“Eutanasia”, il termine indica letteralmente una “morte serena e indolore”. Si tratta di interventi medici che prevedono la somministrazione di un farmaco letale, per via endovenosa, al paziente che ne fa richiesta e soddisfa determinati requisiti. Se avete visto almeno una volta il film: “Io prima di te” ricorderete sicuramente la scena in cui Will decide di partire per la Svizzera perché vuole morire, giunto li, chiede il suicidio assistito. Ciò che dovremmo comprendere è: perché il personaggio di questo film decide di morire proprio in Svizzera? Eutanasia e suicidio assistito sono due cose diverse?
Per rispondere a questi quesiti dobbiamo prima di tutto sapere che l’eutanasia, attualmente, è legale solo nei tre paesi del Benelux, mentre il suicidio assistito è legale in: Svizzera, Colombia, Washington, Oregon, Vermont, Montana e California. A differenza dell’eutanasia, che come abbiamo già detto richiede l’intervento diretto del medico, il suicidio assistito prevede che il medico si limiti solo alla preparazione di un farmaco, che il paziente assumerà poi per conto proprio. In Italia l’eutanasia è illegale mentre grazie alla sentenza 242/2019 della Corte costituzionale, è possibile richiedere il suicidio assistito ma solo rispettando alcune condizioni. Secondo la legge italiana, la persona che richiede il suicidio assistito deve essere capace di intendere e volere, deve avere una patologia irreversibile e portatrice di gravi sofferenze e deve sopravvivere grazie a trattamenti di sostegno vitale.
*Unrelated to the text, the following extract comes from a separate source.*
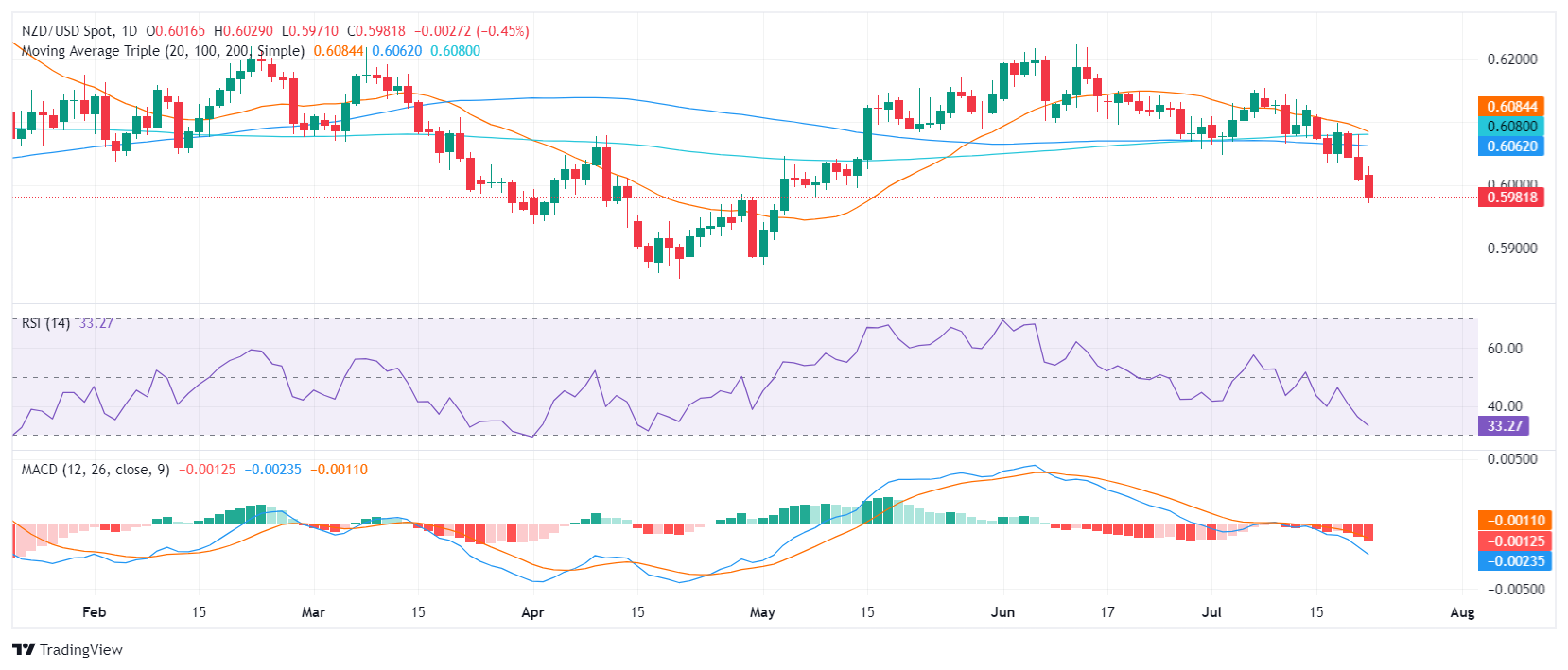 周一盘中,纽元兑美元继续下行,下跌 0.50%,触及 0.5980。多头无力守住 0.6000 水平,最终跌至 5 月初以来的低点,从而确认纽元/美元看跌倾向。

Elena era una signora di 69 anni e circa un anno fa aveva avuto la diagnosi di “microcitoma polmonare”. Aveva una malattia che nel suo caso l’avrebbe solo portata a soffrire sempre di più, fino alla morte. Ha scelto di chiedere il suicidio assistito, prima che la malattia potesse prendere il sopravvento, ma per farlo è dovuta andare in Svizzera. I suoi cari, nonostante la sofferenza, hanno deciso di comprendere la sua scelta. I suoi parenti però cercavano sempre di rimandare l’evento ed Elena aveva paura che giunta a destinazione potessero cercare di fermarla. Ciò che più la spaventava era che potessero avere ripercussioni legali.
Per tutte queste ragioni, Elena si è rivolta all’associazione Luca Coscioni e in particolare a Marco Cappato, che l’ha accompagnata fino in Svizzera ed è stato accanto a lei per tutto il tempo necessario. Le ultime parole rilasciate dalla donna sono state: “Ho voluto porre fine alla mia vita prima che lo facesse la malattia in maniera più dolorosa. Sono sempre stata convinta che ognuno debba decidere sulla propria vita e debba farlo anche sulla propria fine”.
Marco Cappato, in seguito alla morte di Elena ha dichiarato: ” Mi sono autodenunciato. Se non le avessi dato il mio aiuto probabilmente avrebbe rinunciato perché non voleva mettere nei guai il marito e la figlia. Il codice penale del 1930 prevedeva fino a 12 anni di carcere, poi la Corte costituzionale aveva depenalizzato questo reato. Ma per richiedere il suicidio assistito in Italia, Elena doveva essere attaccata a una macchina per esempio. Invece nel suo caso non era dipendente da un trattamento sanitario. Non rientrava nei parametri nella corte, seppure le restassero solo poche settimane di vita”.
Marco Cappato, che da anni si occupa di fare qualcosa di concreto per il problema “eutanasia” e per i diritti umani, soprattutto dopo la vicenda di Dj Fabo, anch’esso aiutato da lui per porre fine alle sue sofferenze in Svizzera, concludendo le sue riflessioni sul caso di Elena, ha lanciato un messaggio molto importante: “La Corte costituzionale stessa aveva chiesto al Parlamento da quattro anni di intervenire, per chiarire meglio queste potenziali discriminazioni ma il Parlamento non lo ha fatto”.